At times, it might mean I need to seek love in Love’s face before I hear the complaint that reflects my daughter’s heart or read that Pretty Pony story again.
But when I ask for love from the Love Giver, I can give what I give to my family, my God, this world as an offering of love. A goodwill offering of messy-and-seeking-to-follow-the-Savior-humanness.
Yesterday, we rode a hay-covered flatbed to a field of pumpkins. The sun shone, and the round vegetables sparkled in full color. We wore sweatshirts around our waists and ran through the patch, searching for round friends that would sit on our front porch for the next few weeks.
The field was filled with traditional orange pumpkins and also white, sea foam green, peanut-shaped and the ones I think are a little piece of magic. Deep orange with colors more like a sunset than a pie.
As we all know, the pumpkin patch is not without its hazards. Long twisty vines catch little rain boots. Rotten pumpkin slicks await prat falls. Then there are the nasty ones oozing seeds and fur very unbecomingly. I avoid those and pray the girls will, too.
Yesterday, our daughters were zeroing in on their choices, and then I saw mine. Luscious color, perfect organic shape. It was effortless beauty in a pumpkin body.
I reached to pick it up.
My beautiful pumpkin was not what it seemed.
Inside it was stinking, rotting, decaying mess. I had been so taken by its shine and glow that I had missed what was inside.
As I sit and type this morning, with clutter still swirling around me, I pray I (and this home) not be like that pumpkin — sparkly on the outside, but filthy and crumbling inside.
Like twisting kids’ arms to get them to pose for a happy-looking picture.
Like stuffing real life in closets to create a false image.
Like going through the motions of living with resentment and bitterness.
Today, may we delight in being a messy, beautifully imperfect offering. But one that is filled more than anything with love.

This is beautiful work Ash!! Thanks so much for sharing and being brave. You have always had a gift and I’m so glad you are doing this so that others can see His grace and love.
Bless you, Nanc, and thank you. I’m so glad you’ve come!

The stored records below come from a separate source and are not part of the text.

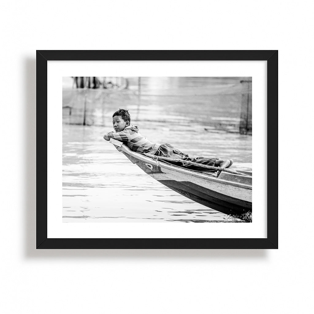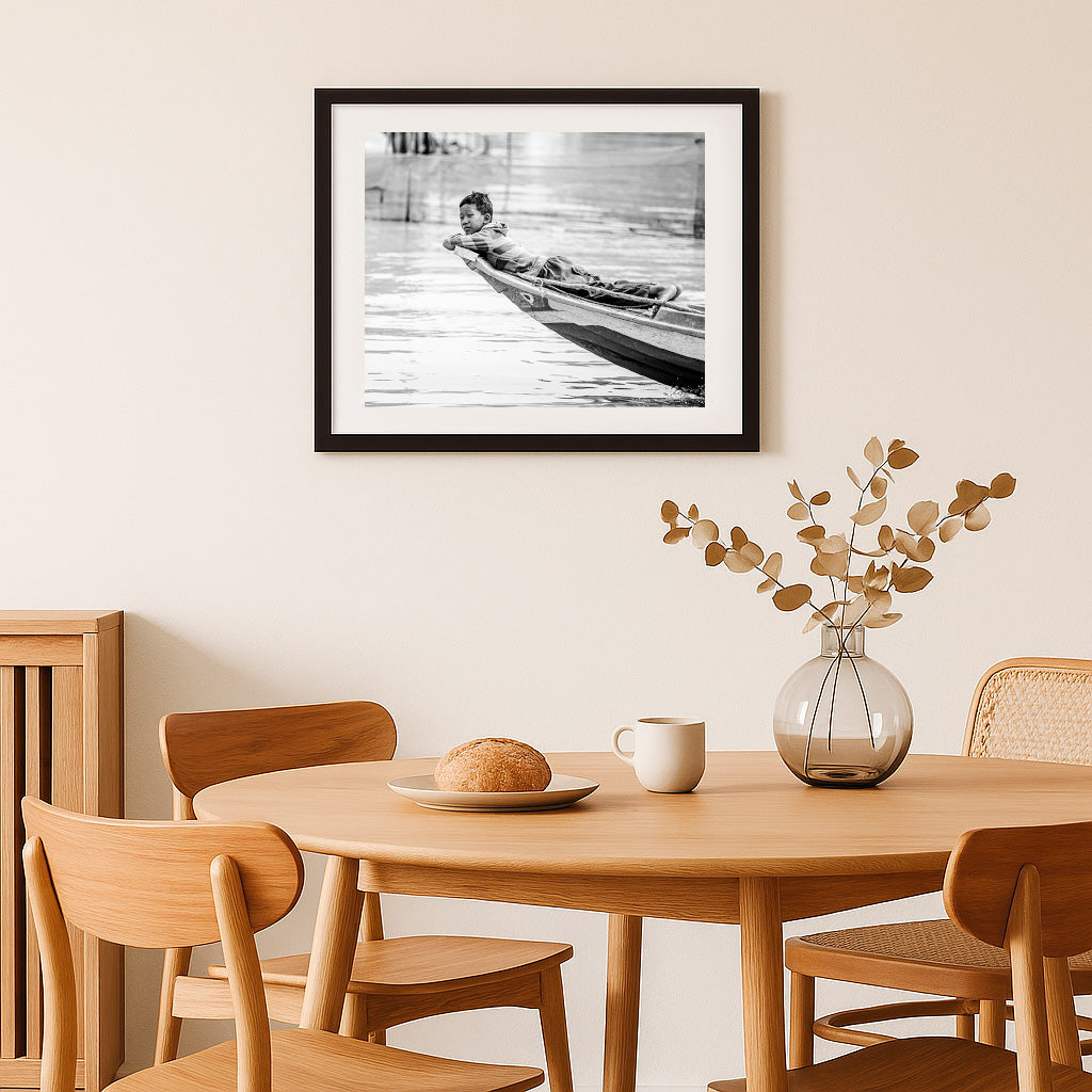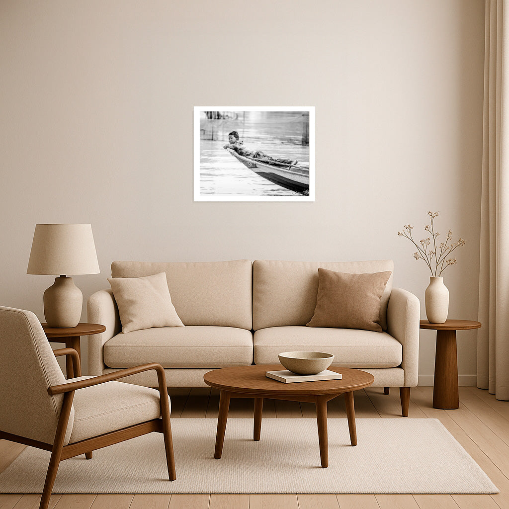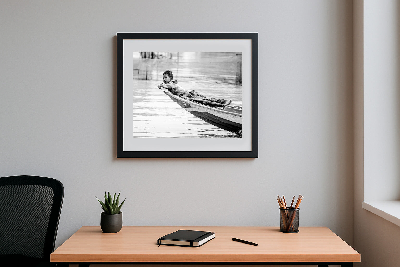 Stretched out on the prow of a wooden boat, a young figure finds a rare moment of peace above the gentle ripples of the river. Striped sleeves and loose trousers echo the relaxed posture, as bare feet dangle just above the water’s surface. The monochrome tones amplify the mood of quiet contemplation, capturing the simplicity and freedom of a day spent afloat. In this serene scene, the world seems to slow, allowing the soft sounds of water and the gentle sway of the boat to become the only companions.
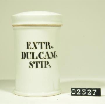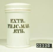 Zylinderförmiger Porzellantiegel mit Stülpdeckelrand, wenig ausladendem, schmalem und gerundetem Rand und Fuß. Flacher, kaum gewölbter Stülpdeckel mit gerader Wand und zartem Wulstrand. Standboden nach innen eingezogen. Eingebrannte schwarze Signatur
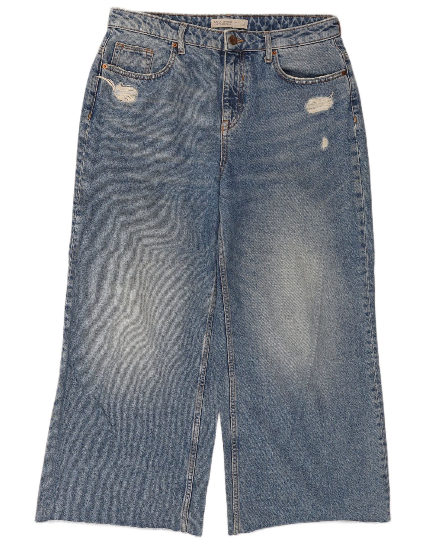 ZARA Damen Distressed Crop Wide Leg Jeans EU 40 Medium W30 L25 Blau
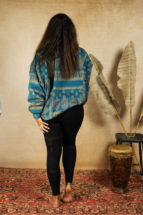 Omdat dit kledingstuk is gemaakt van gerecyclede vintage en tweedehands stoffen die we zelf van over de hele wereld verzamelen, is het erg moeilijk om de exacte samenstelling te bepalen van elke stof die we hergebruiken. We hopen dat je ons dit kunt vergeven. Dat gezegd hebbende, de meeste stoffen die we gebruiken zijn ofwel Viscose of Rayon.
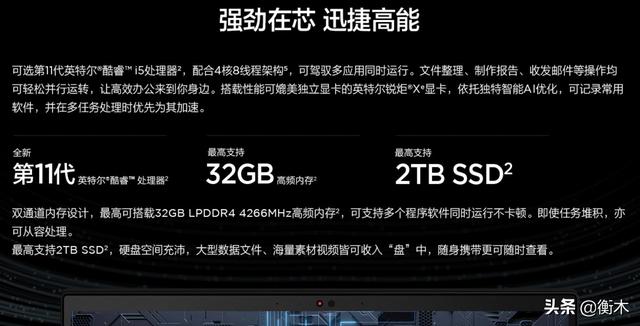 今年酷睿版迭代到11代英特尔处理器,这其中终于将以前的残弱的亮机核显升级为性能更加强大的锐炬x核显了,好处自然是图形计算处理能力得到加强,这类小巧的轻薄本也可以应付一下轻度的图形处理工作。
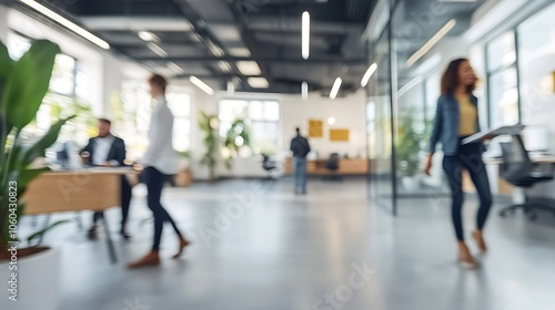 Blurred Business People In Office Light Gradient Background with Room for Typography
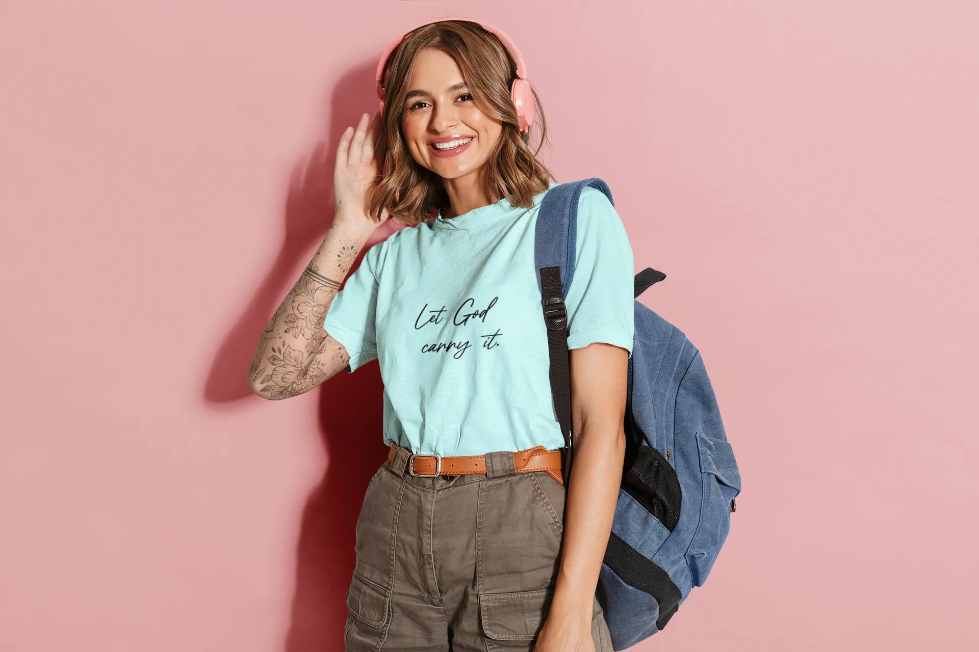 This T-shirt design gently reminds you to let God carry it. With peaceful tones and uplifting typography, it reflects trust, surrender, and faith. Perfect for hearts learning to release burdens and lean into divine strength. Quietly powerful, spiritually grounding.
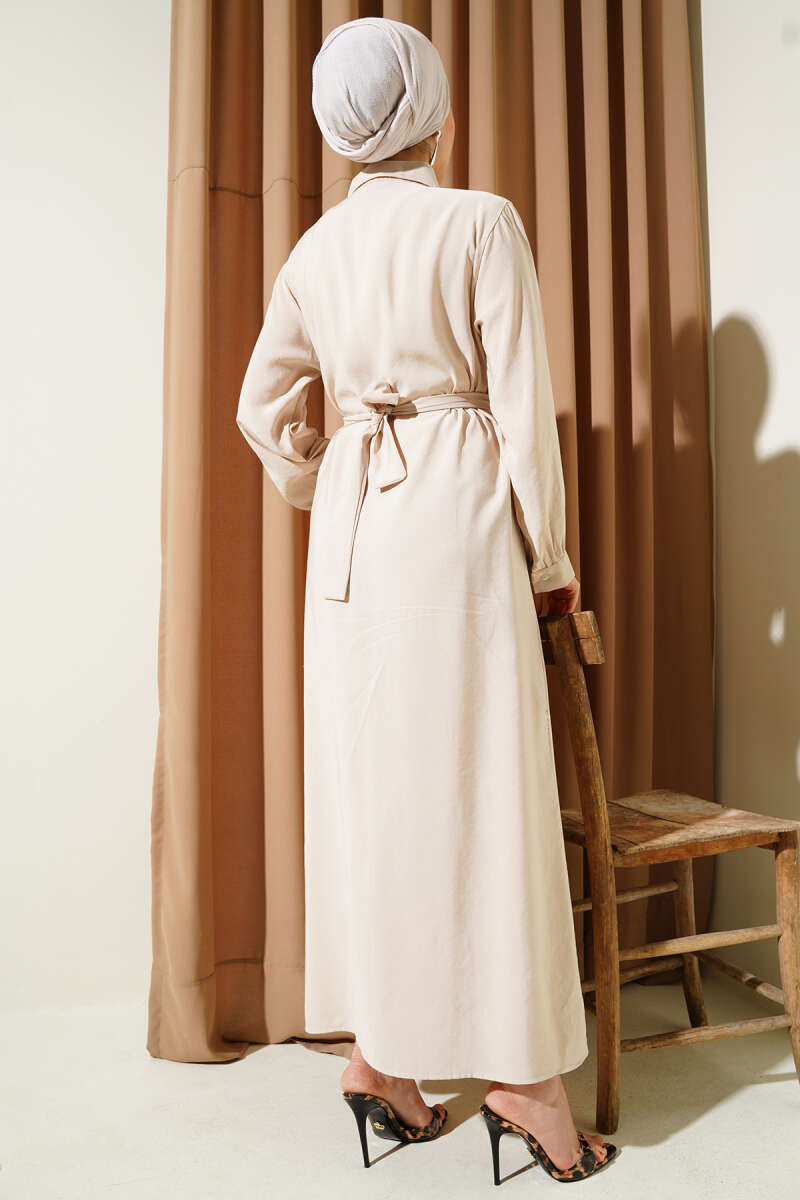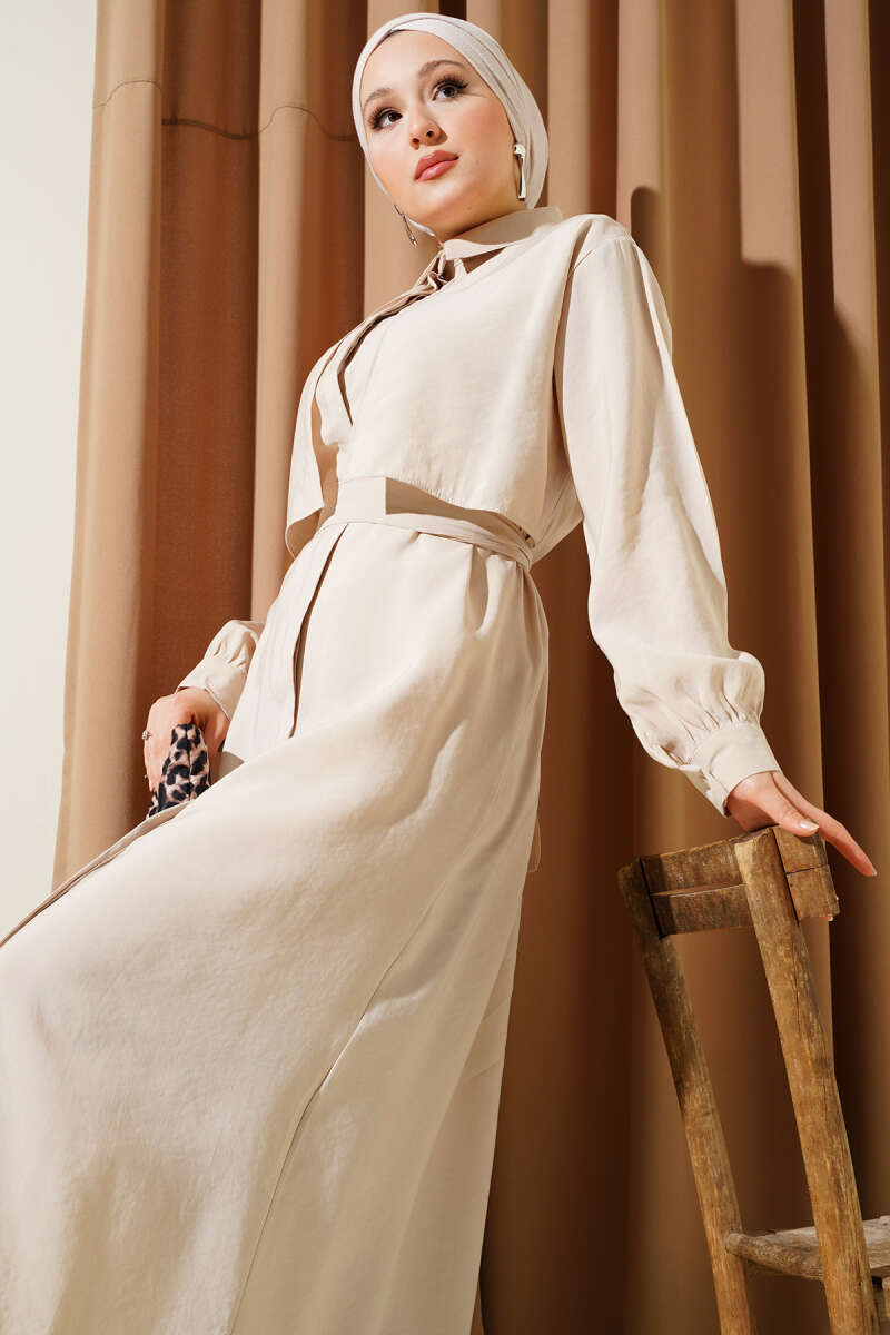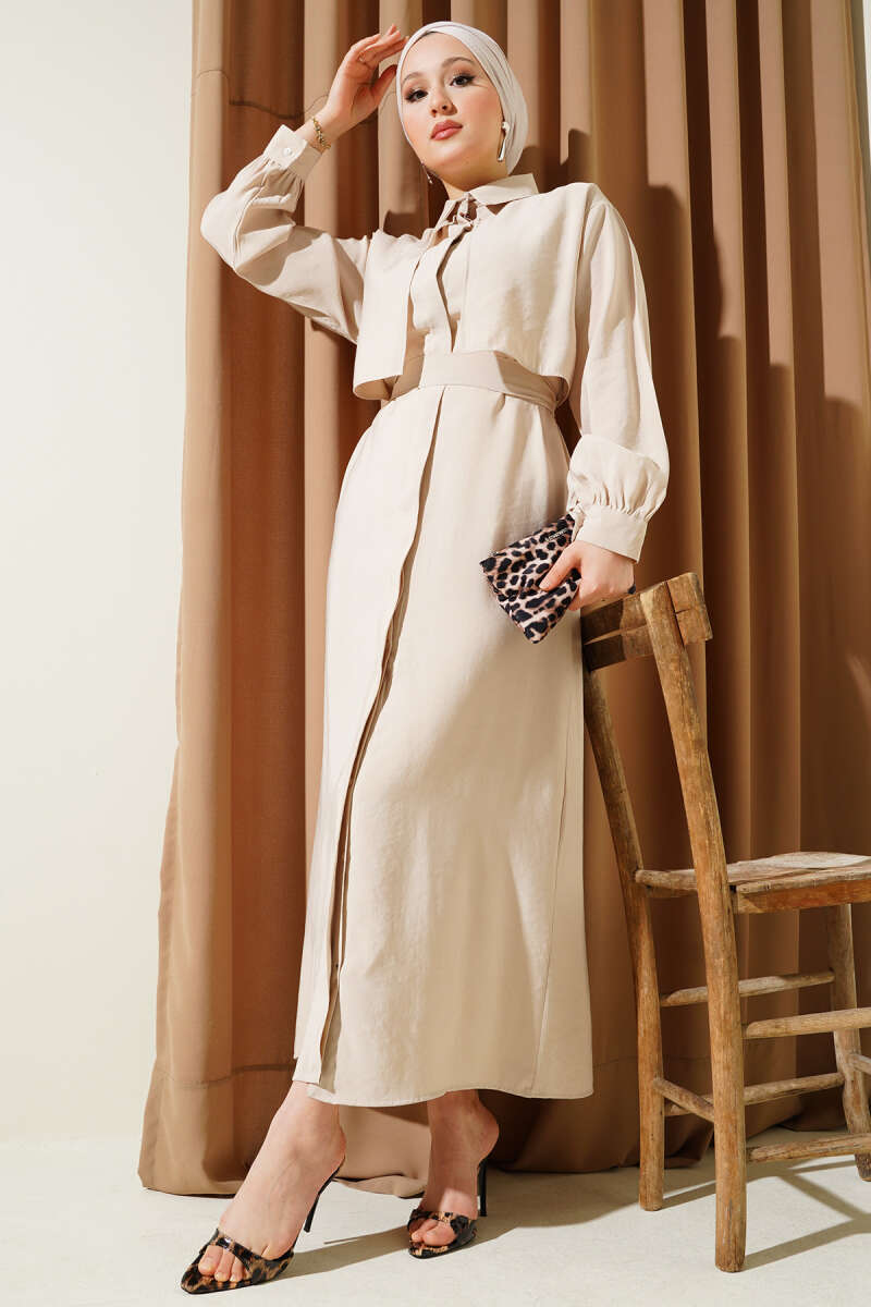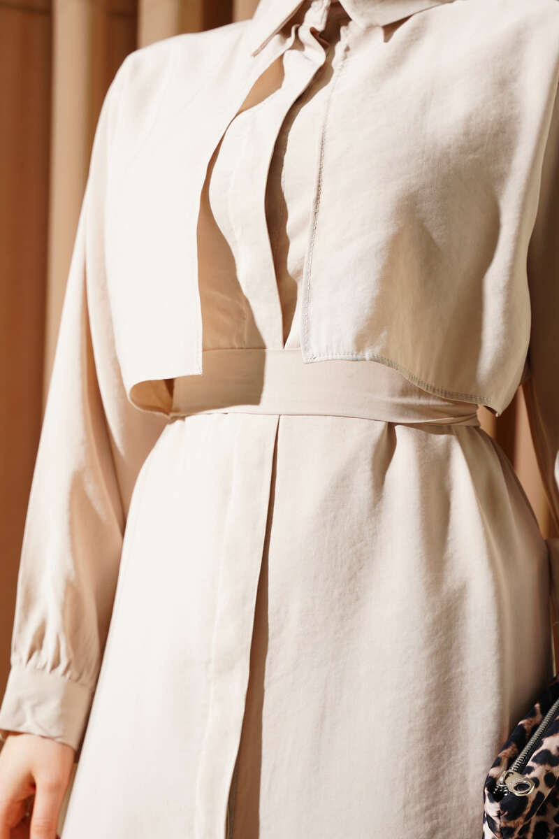 Çizgi Gömlek Garnili Triko Elbise Bej

Amen! And amen! so much for me in this to remember. I think I’ll dog-ear this page. (maybe I won’t even wash the pear juice from my fingers first.) thank you so much for this Ashley! Loved it!!
Hi Ash,
So I found the blog site address. This is amazing and so inspiring. You are so loving and real with everything said and it is a comfort to know that I am not alone.
Thank you,
Steph
Steph, I’m so glad you came to visit! Thanks so much for your encouragement. We all need to know we’re not alone, don’t we? Sending love!
So lovely! Oh how I wish there was blogging when my kids were romping through pumpkin patches!! I do have the scrapbooks but they don’t “speak” like a blog can! Great voice Ashley!!
Holly, I know for a fact that your scrapbooks are an amazing testimony to your love. You’re the one who taught me everything I know. :) Thanks for showing up here. xoxo
This is beautiful. Reduced me to tears and determined to be different. Thank you for your honesty, your wisdom, and most of all….your love.
Now guess who’s crying? I love you.
I saw a link to your post on Ali’s FB page and I am so glad that it caught my attention. We recently moved and the chaos that still surrounds me (boxes, too many belongings for a smaller space, laundry and dishes that keep on coming regardless of my desire for them to stop so I can catch up on the unpacking…) has been really difficult for me. I *love* this truth: “As I sit and type this morning, with clutter still swirling around me, I pray I (and this home) not be like that pumpkin — sparkly on the outside, but filthy and crumbling inside.” What is really important is that my family is together, all in one place, healthy and grateful for new adventures. I feel blessed for the words that you took from somewhere deep in my heart…I needed the reminder. xoxo
Nis, I am so honored that you’d come to visit and take the time to comment. Nothing like moving to stretch us in our definition of comfort, safety, home. Bless you in that process. You are so right when you recount those places of true importance! May there be a place of peace and joy for you and your family in the mess today. Sending love!
Loved it! Thanks Ash for sharing “your heart of love”. You have such a gift. Keep at it! You will do great things for the Kingdom of God!
ASH!! My cuz, this is absolutely bbbeeeuatiful, I love how it makes me think and immediately start placing it in my life. I love you and your beautiful inspiring words, and your sister who directed me to it!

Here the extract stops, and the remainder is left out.